Writing Like Jazz: Revising with the Energy Meter

Like a good jazz player, we allow the writing to move us in the direction it needs to go. We focus only on this sentence, this clause, this phrase.

Writing Like Jazz: Revising with the Energy Meter

In his most recent work, A Swim in a Pond in the Rain, short story maestro George Saunders offers up a really cool method of revision. After his commentary on Ivan Turgenev’s “The Singers”—a deeply flawed, yet deeply compelling short story—Saunders gives his readers a window into his process. For Saunders, writing isn’t about drafting; it’s almost totally about revision. He skips over the first draft, not even mentioning how it comes into being. The first draft appears to be little more than an afterthought as Saunders wants to get straight to the issue of revision.
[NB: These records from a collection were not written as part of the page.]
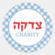 Blue Gingham Tzedakah Pushka Charity Box Label
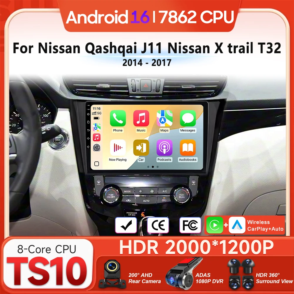 Android 16 For Nissan Qashqai J11 Nissan X trail T32 2014 - 2017 Car Radio Multimedia Player Carplay Stereo Video Navigation DSP $82.56
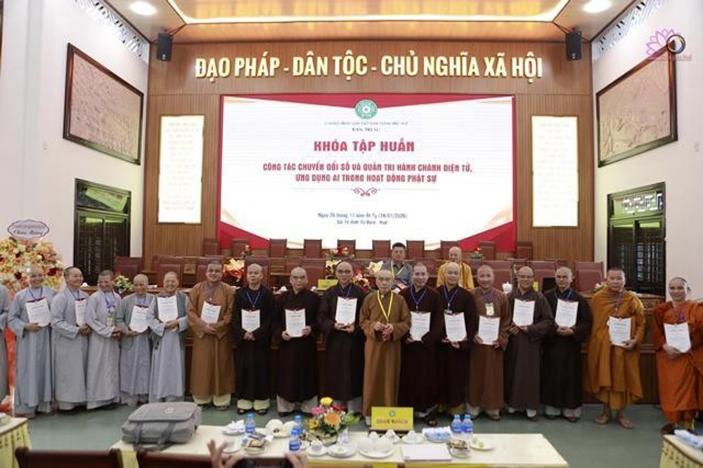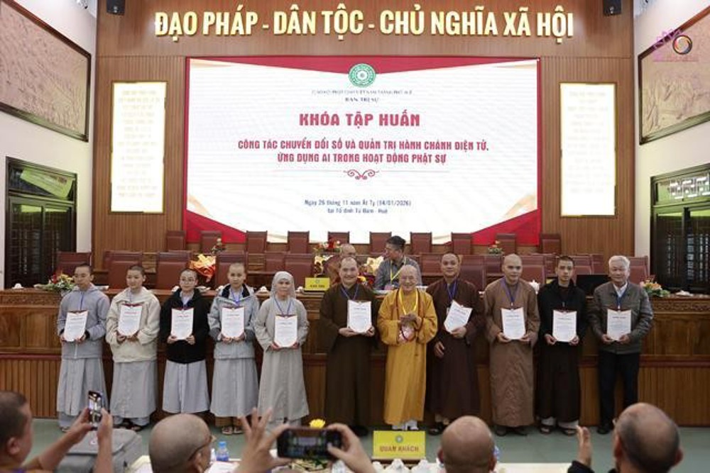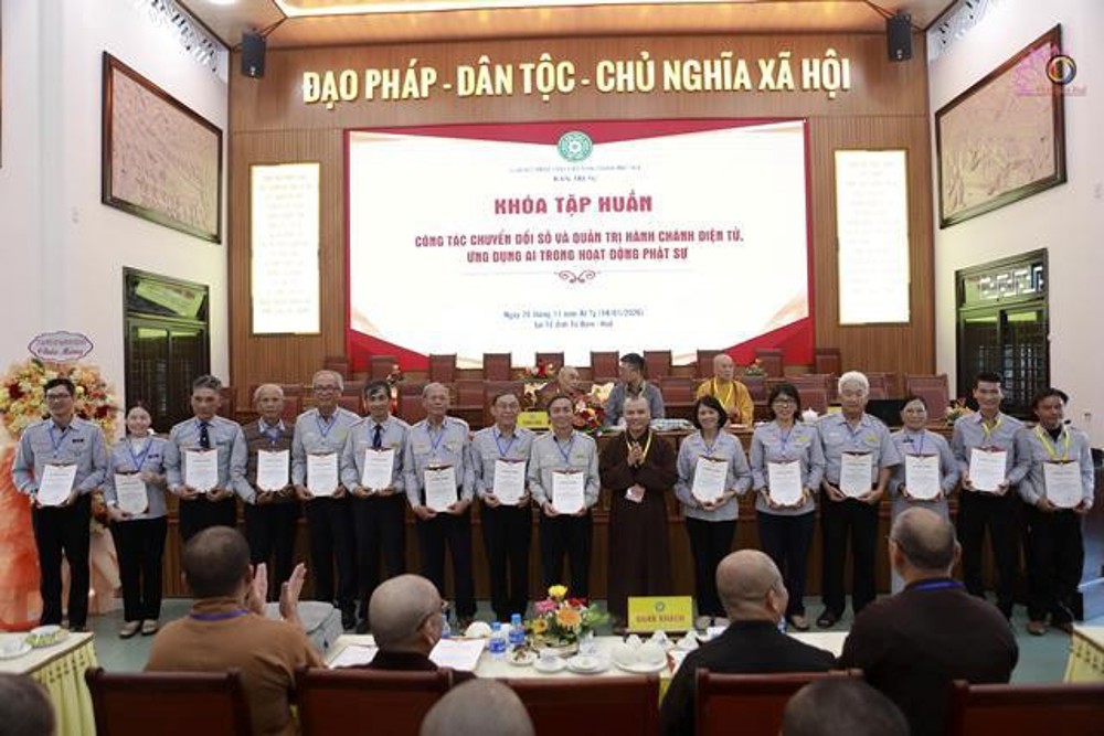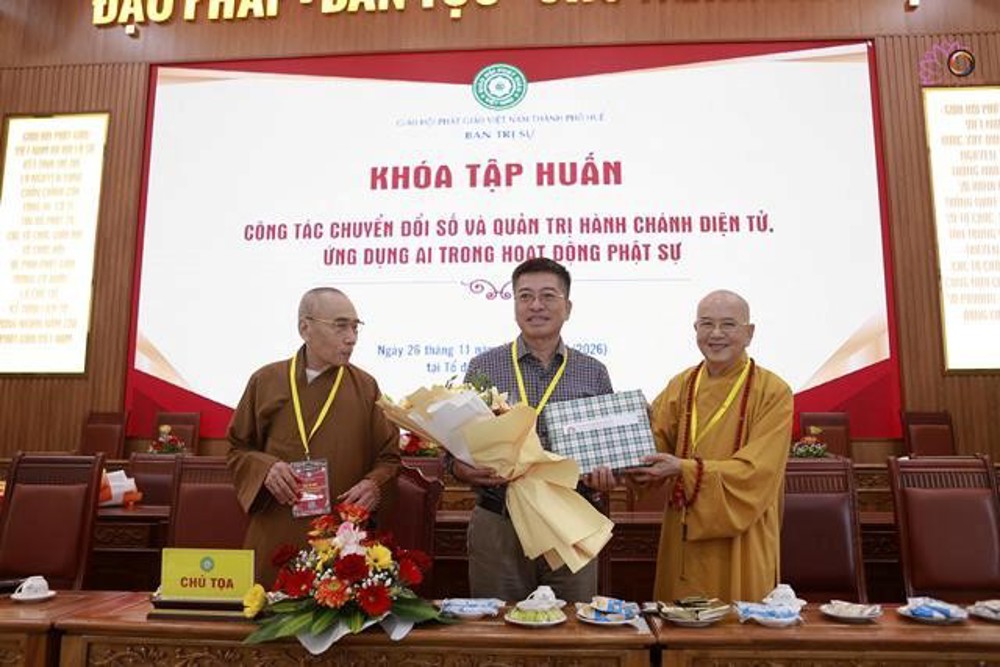 Sáng 14/1/2025 (26/11 năm Ất Tỵ), tại Giảng đường Từ Đàm (01 Sư Liễu Quán, phường Thuận Hóa, Huế), Ban Trị sự GHPGVN thành phố Huế đã tổ chức chương trình tập huấn công tác chuyển đổi số và quản lý hành chính điện tử, ứng dụng AI trong hoạt động Phật sự.
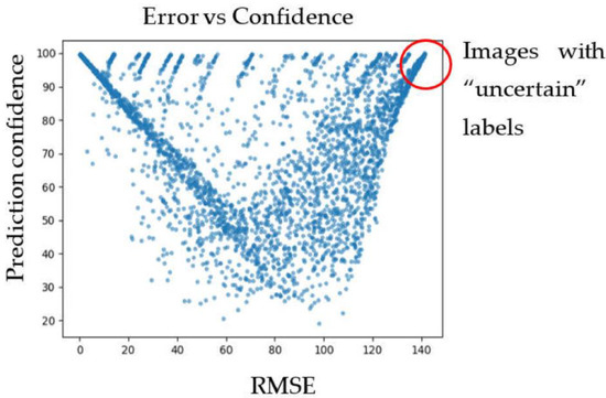 After that, we detected samples with problems with labeling. First, we applied a cross-validation technique: we divided all data into ten folds and performed training ten times, each time using one of the folds for model evaluation and the rest of the images for training. The uncertainly labeled images were those with a maximal error (when the model predicted a 100% single-lithotype image with the wrong lithotype) and highest predicted confidence. Figure 9 shows the plot of root mean square error (RMSE) versus prediction confidence for one of the runs. (Note that, in case a 100% single lithotype was misclassified, .) The uncertain images for all runs of cross-validation were marked as having uncertain labels.
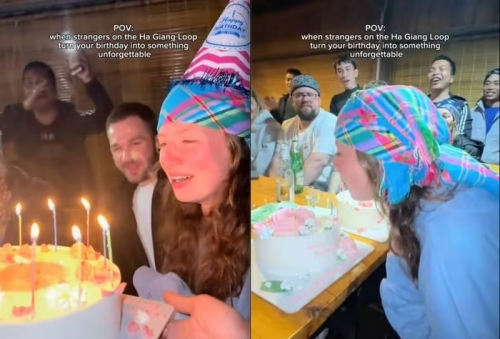 Nữ du khách Đức gọi đây là "sinh nhật tuyệt vời nhất từng có". Trong đoạn video đăng tải trên tài khoản cá nhân, cô bày tỏ: "Khi những người xa lạ trên cung đường Hà Giang biến ngày sinh nhật của bạn thành một kỷ niệm không thể nào quên".
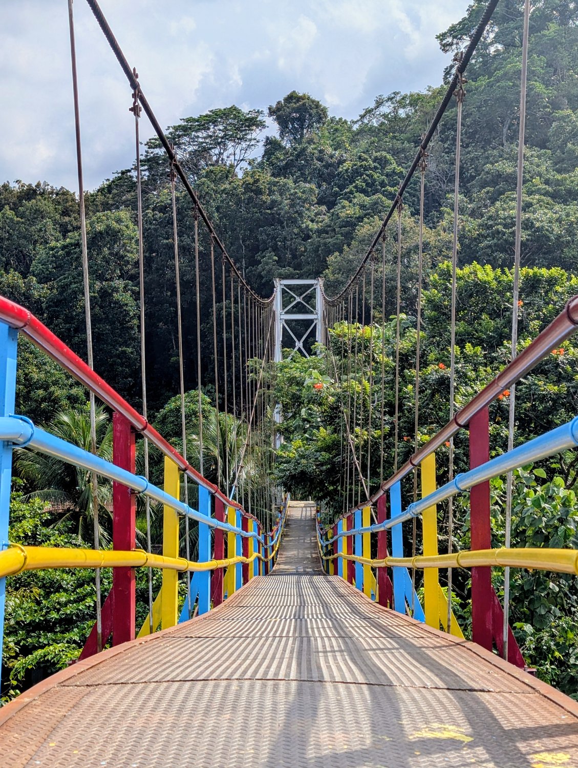 Geplant war, dass wir in Bukit Lawang in einem Hotel untergebracht waren, was aussah wie ein Betonbunker. Also machten wir den Vorschlag, ob wir ins Hotel Orangutan dürfen. Unser Wunsch wurde erfüllt. Jedoch liegt das Hotel am Ende des Dorfs, wo kein Auto hinkommt. Also mussten wir unsere Koffer den schlecht gepflasterten Weg entlang ziehen. Merke: In Asien immer mit Rucksack reisen!
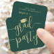These graduation invitations are small in size but big on stylish simplicity. Announce the graduate's achievement and invite family and friends to celebrate with elegant mini graduation party enclosure cards. The small square business card size makes them easy to insert with graduation announcements or to hand out to family and friends (they do not come with envelopes.) Sold in packages at an affordable price, these inserts offer a chic option to stay within a budget. The wording on this template is simple to personalize, and the colors can be customized using the the Zazzle design tool. The modern green and gold design features handwritten style script calligraphy with a mortar board cap and elegant classic typography. Please note that gold is printed color, not metallic foil. This graduation invitation card is a unique way to announce a special day celebration. Congratulations to the graduate!
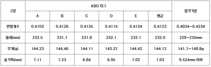 이번 검사는 KBO 리그 단일 경기사용구인 ㈜스카이라인스포츠 AAK-100의 샘플 5타를 무작위로 수거한 뒤 지난 3월 21일(금)부터 24일(월)까지 국민체육진흥공단(KSPO) 한국스포츠개발원 스포츠용품 시험소에 의뢰해 진행했다. 검사 결과, 모든 샘플이 합격기준을 충족한 것으로 확인됐다.
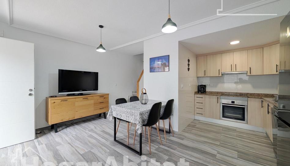 Si sueñas con vivir junto al mar, en un entorno residencial de lujo con todas las comodidades modernas, este hogar es para ti. Ponemos a tu disposición esta bellísima casa de dos alturas, muy luminosa y reformada con materiales y acabados de excelente calidad, situada en la exclusiva zona de la Gran Playa en Santa Pola. La planta baja consta de una amplia terraza de 25 m2 en la entrada, conectada con un luminoso y confortable salón-comedor, una cocina americana y equipada, y un aseo de cortesía. La primera planta ofrece dos dormitorios dobles, uno con salida a un balcón, y un baño completo con ducha. La propiedad se vende totalmente amueblada, lista para que te instales. Plaza de garaje incluida en el precio. Cuenta con calidades como armarios empotrados, aire acondicionado por splits con bomba frío/calor, ventanas de climalit, puertas de PVC y suelo de tarima flotante. Este residencial está situado en una de las mejores playas de Santa Pola, a escasos metros del mar, y bien comunicado por la Av. de Vicente Blasco Ibáñez y la Av. de la Virgen del Pilar, facilitando el acceso a todo tipo de servicios. No pierdas la oportunidad de vivir en este maravilloso entorno. Contáctanos para más información y para organizar una visita.

Here’s what he says about that revision:

I imagine a meter in my forehead, with a P on this side (“Positive”) and an N on that side (“Negative”). I try to read what I’ve written the way a first-time reader might…. Where’s the needle? If it drops into the N zone, admit it. And then, instantaneously, a fix might present itself—a cut, a rearrangement, an addition. There’s not an intellectual or analytical component to this; it’s more of an impulse…in that moment. (Saunders, A Swim in a Pond in the Rain, 111)

Saunders makes his alterations on the fly, knowing they may have ripple effects, knowing he’s going to knock down a domino by changing this sentence. The next sentence will need to be revised, and the next, and the one after that, too. That’s okay. Each revised sentence takes the work in a slightly new direction, leads it closer and closer toward its final destination.

Moreover, this method of revision is rooted in instinctive, incremental changes. Each revision is brought about not by some analysis. Instead, it's a largely right-brained exercise; it’s done based on feel. Thus, the artist, rather than the technician, emerges.

Given Saunders background as an engineer, this is kind of a marvelous feat that he’s made here. He’s willing to trust his instinct, believing that art comes not from careful planning and execution but from the gut.

He’s right, I think. The more we can get out of our heads while writing, the more we can get into the zone—I’m reminded here of those marvelous scenes in Pixar’s Soul in which Joe loses himself in the music—the more we get in touch with what the work intended itself to be.

In Pixar's Soul, Joe Gardner plays piano "in the zone."

Writing becomes an act of improvisation. Like a good jazz player, we allow the writing to move us in the direction it needs to go. We forget about the intended target and think only about how this sentence, this clause, this phrase, this word might be improved.

Try it out. Choose a piece you’ve written, preferably an older piece that’s gone fallow for a few days, weeks, months, or even years. Copy it into new document or sheet and read it with the energy meter in the front of your brain. Ask yourself:

  • Where does the piece start to flag?
  • Where does the writing feel a little lifeless?
  • Where does the energy dip into the blah/negative side of the meter?

As you read, tweak those lifeless chunks, sentence by sentence, to see how the incremental changes ripple out, changing the piece as a whole, and bringing it more into alignment with what it was always meant to be.